A woman in her 20s presented to the emergency department, malnourished and dehydrated, and with acute paralysis of the lower limbs. Over the previous 10 days, she had inhaled nitrous oxide from “whipped-cream bulbs” (10–20 per day) for pain caused by a sprained ankle. She had a history of intravenous drug use and was on a methadone program. The nitrous oxide misuse combined with the malnutrition, with low vitamin B12 levels, apparently resulted in subacute combined degeneration of the spinal cord — a rare complication of nitrous oxide misuse.

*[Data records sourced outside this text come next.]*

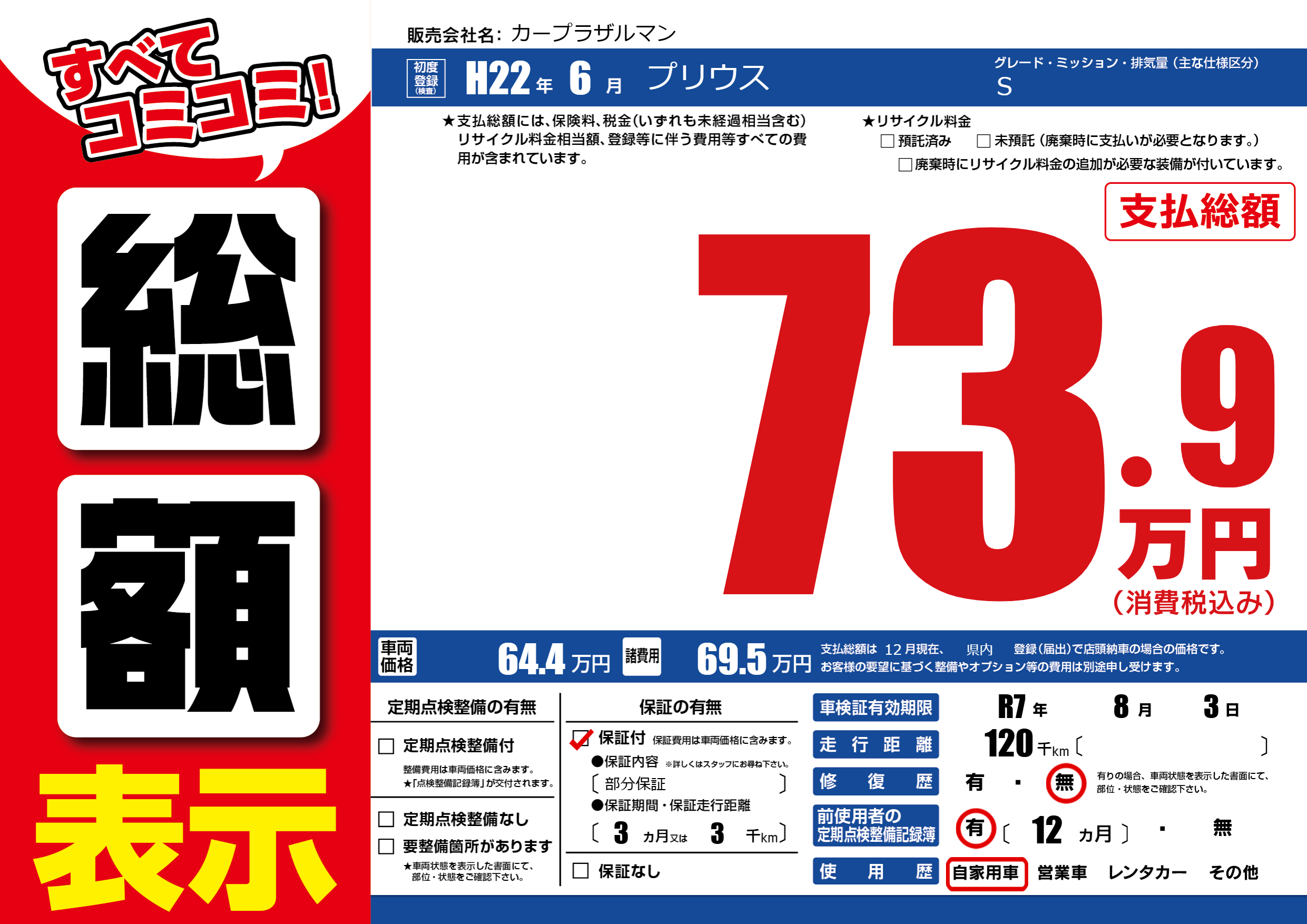 | 車名 | プリウス | グレード ミッション 排気量 |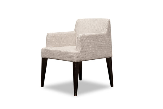 Upholstered low back dining chair with arms. Bordered back and seat. No-sag sprung seat. Stained wooden legs.
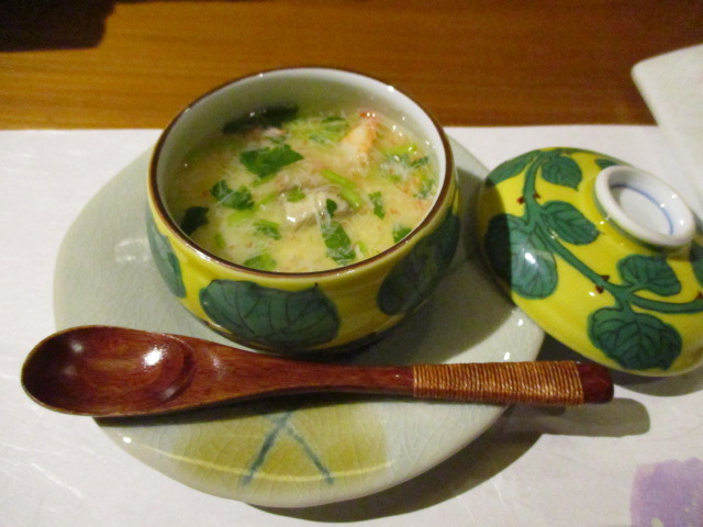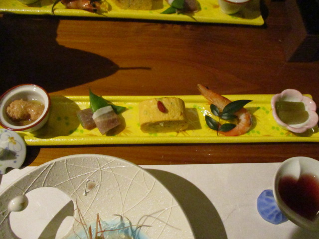 前菜。子宝えびは背にキャビアっぽいものが挟まれています。生ハムが美味しかった。

A young woman in her 20s presented to the emergency department with a history of increasing difficulty in mobilising over the previous week. For the 3 days before presentation, she had been confined to the back seat of a car (from which she was extricated with difficulty on arrival at the emergency department). An estimated 60 empty “whipped-cream bulbs” were found on the floor of the car.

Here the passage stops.